Given entries Start Marker

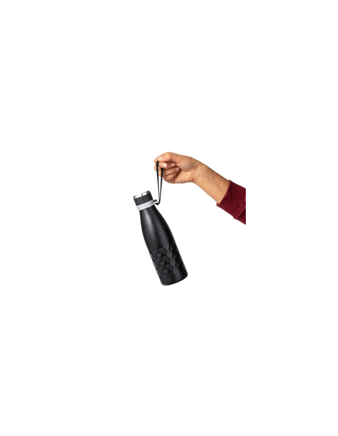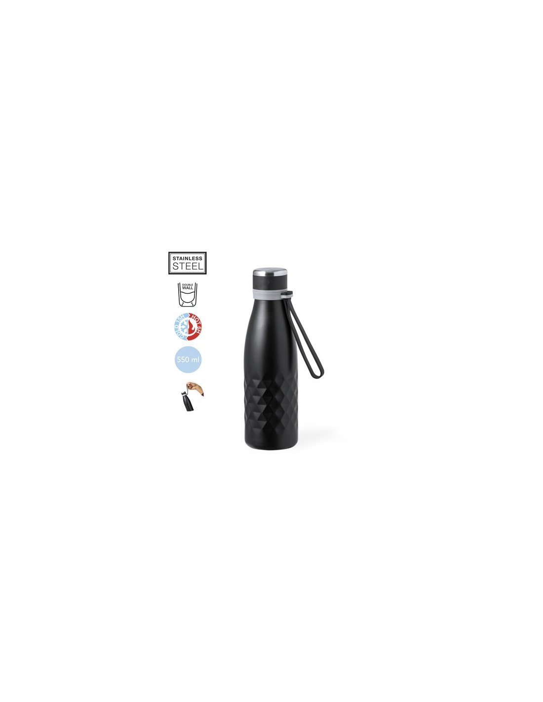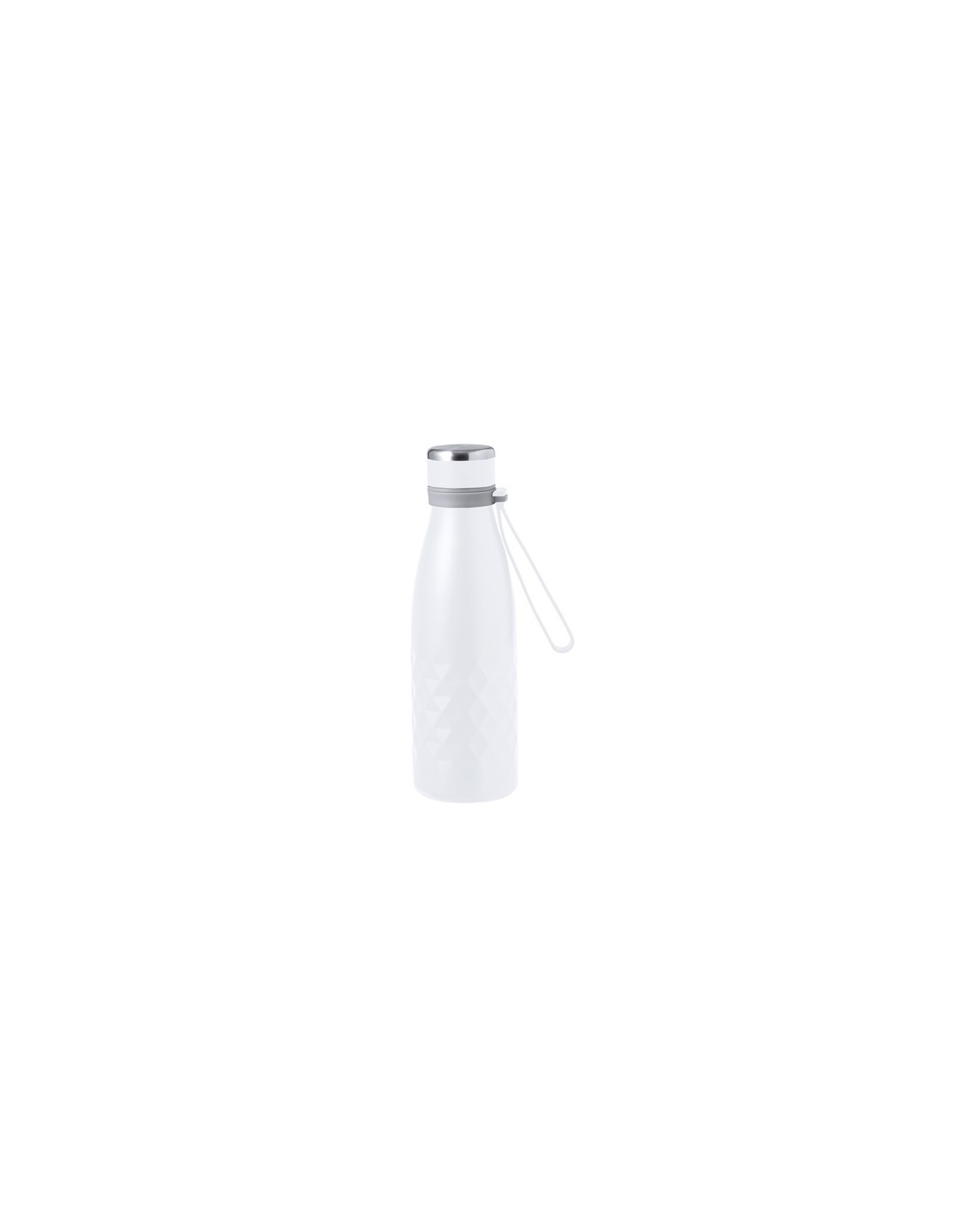 Elegante bidón térmico de 550 ml de capacidad, fabricado en acero inox de doble pared, con tapón a rosca para un óptimo sellado. Incluye una cómoda asa a juego en agradable silicona. Disponible en variada gama de colores metalizados, con elegante patrón en rombo alrededor del cuerpo. Presentado en caja individual de diseño kraft. 550 ml Composition : Acero Inox.
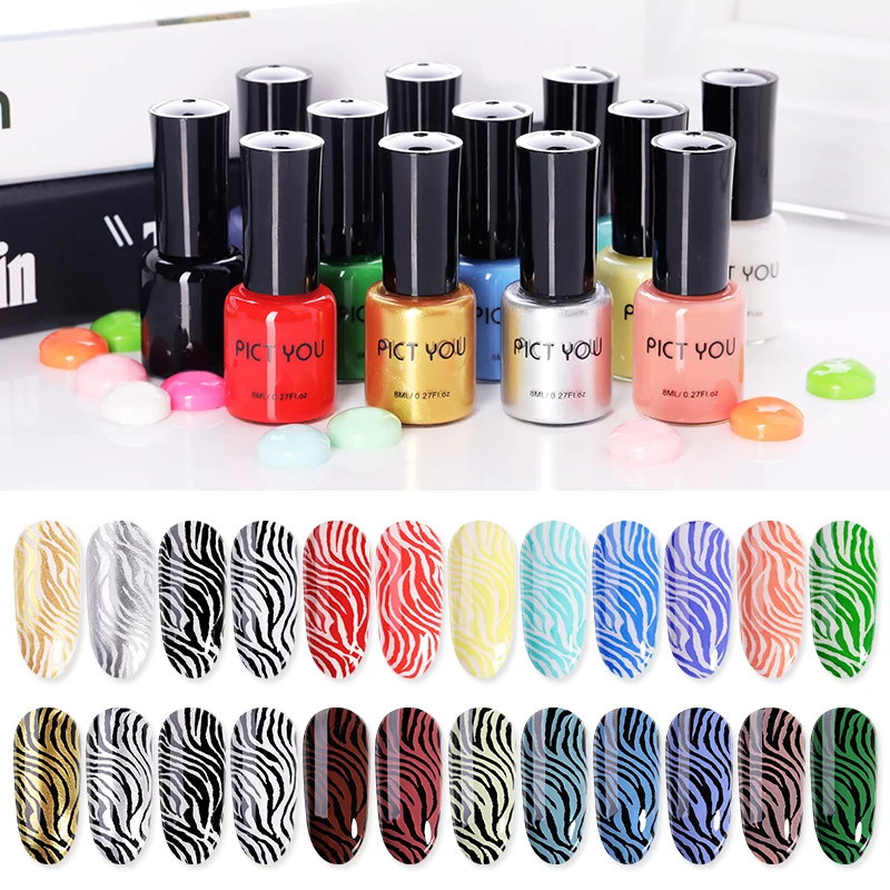 8 мл цветной штамповочный лак для ногтей черный белый красный лак для ногтевого дизайна печать своими руками дизайнерский Лак 12 цветов s нюдовый лак для ногтей
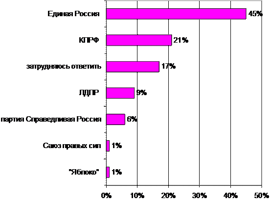 Всероссийская политическая партия «Единая Россия» обладает стабильным рейтингом доверия у 45% опрошенных, которые планируют поддержать партию на выборах в парламент в 2007 году. (Диаграмма 3) На втором месте из политических партий – Коммунистическая партия Российской Федерации пользующаяся поддержкой 21% респондентов. Третье и четвертое место распределены между партией ЛДПР и «Справедливой Россией» - 9% и 6% соответственно. 17% опрошенных, затруднились высказать свои политические пристрастия. Диаграмма 3. «За какую партию Вы готовы отдать свой голос на выборах в Государственную Думу в декабре 2007 года?»
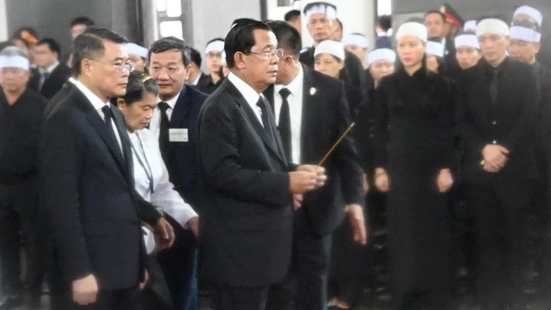 (ភ្នំពេញ)៖ នៅសាធារណរដ្ឋសង្គមនិយមវៀតណាម នាព្រឹកថ្ងៃទី២៥ ខែកក្កដាឆ្នាំ២០២៥។ សម្តេចអគ្គមហាសេនាបតីតេជោ ហ៊ុន សែន ប្រធានព្រឹទ្ធសភាជាតិ នៃព្រះរាជាណាចក្រកម្ពុជា និងជាប្រធានគណបក្សប្រជាជនកម្ពុជា បានអញ្ជើញនាំយកនូវកម្រងផ្កា គោរពវិញ្ញាណក្ខន្ធសព ឯកឧត្តម Nguyen Phu Trong អគ្គលេខាធិការបក្សកុម្មុយនិស្តវៀតណាម ដែលបានទទួលមរណភាព ដោយជរាពាធ ក្នុងជន្មាយុ ៨០ឆ្នាំ កាលពីរសៀលថ្ងៃទី១៩ ខែកក្កដា ឆ្នាំ២០២៤។
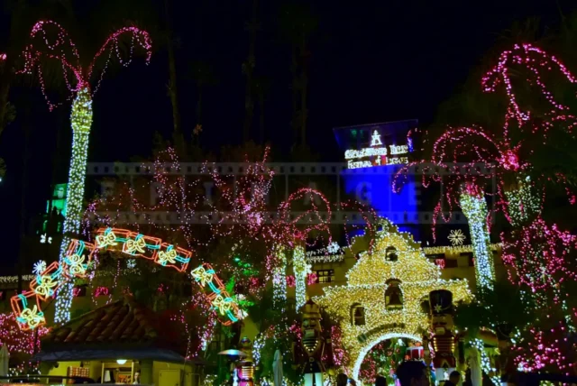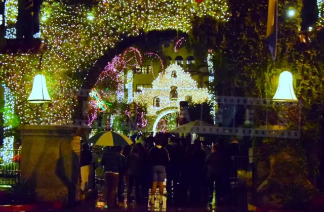 The Festival of Lights in Riverside, California, is an annual tradition. The Mission Inn makes a considerable effort to decorate the exterior and interior of the hotel.
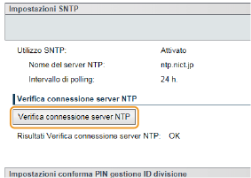 Verifica della comunicazione con il server NTP/SNTPÈ possibile visualizzare lo stato della comunicazione con il server registrato facendo clic su [Impostazioni/Registrazione] [Rete] [Impostazioni TCP/IP] e quindi su [Verifica connessione server NTP] nelle [Impostazioni SNTP] che vengono visualizzate. Se la connessione è stata stabilita correttamente, il risultato viene visualizzato come illustrato di seguito. Tenere presente che questa operazione non regola l'orologio di sistema.![]() Selezione delle impostazioni dal pannello operativoÈ possibile abilitare o disabilitare le impostazioni SNTP anche dal menu delle impostazioni del pannello operativo. SNTP |

Given entries End Marker

* Required action
An exact transcription is needed of the lines from the one with "Всероссийская политическая партия" to the one with "The Festival of" above, both ends included, with pictures left out.

* Task output
 Всероссийская политическая партия «Единая Россия» обладает стабильным рейтингом доверия у 45% опрошенных, которые планируют поддержать партию на выборах в парламент в 2007 году. (Диаграмма 3) На втором месте из политических партий – Коммунистическая партия Российской Федерации пользующаяся поддержкой 21% респондентов. Третье и четвертое место распределены между партией ЛДПР и «Справедливой Россией» - 9% и 6% соответственно. 17% опрошенных, затруднились высказать свои политические пристрастия. Диаграмма 3. «За какую партию Вы готовы отдать свой голос на выборах в Государственную Думу в декабре 2007 года?»
 (ភ្នំពេញ)៖ នៅសាធារណរដ្ឋសង្គមនិយមវៀតណាម នាព្រឹកថ្ងៃទី២៥ ខែកក្កដាឆ្នាំ២០២៥។ សម្តេចអគ្គមហាសេនាបតីតេជោ ហ៊ុន សែន ប្រធានព្រឹទ្ធសភាជាតិ នៃព្រះរាជាណាចក្រកម្ពុជា និងជាប្រធានគណបក្សប្រជាជនកម្ពុជា បានអញ្ជើញនាំយកនូវកម្រងផ្កា គោរពវិញ្ញាណក្ខន្ធសព ឯកឧត្តម Nguyen Phu Trong អគ្គលេខាធិការបក្សកុម្មុយនិស្តវៀតណាម ដែលបានទទួលមរណភាព ដោយជរាពាធ ក្នុងជន្មាយុ ៨០ឆ្នាំ កាលពីរសៀលថ្ងៃទី១៩ ខែកក្កដា ឆ្នាំ២០២៤។
 The Festival of Lights in Riverside, California, is an annual tradition. The Mission Inn makes a considerable effort to decorate the exterior and interior of the hotel.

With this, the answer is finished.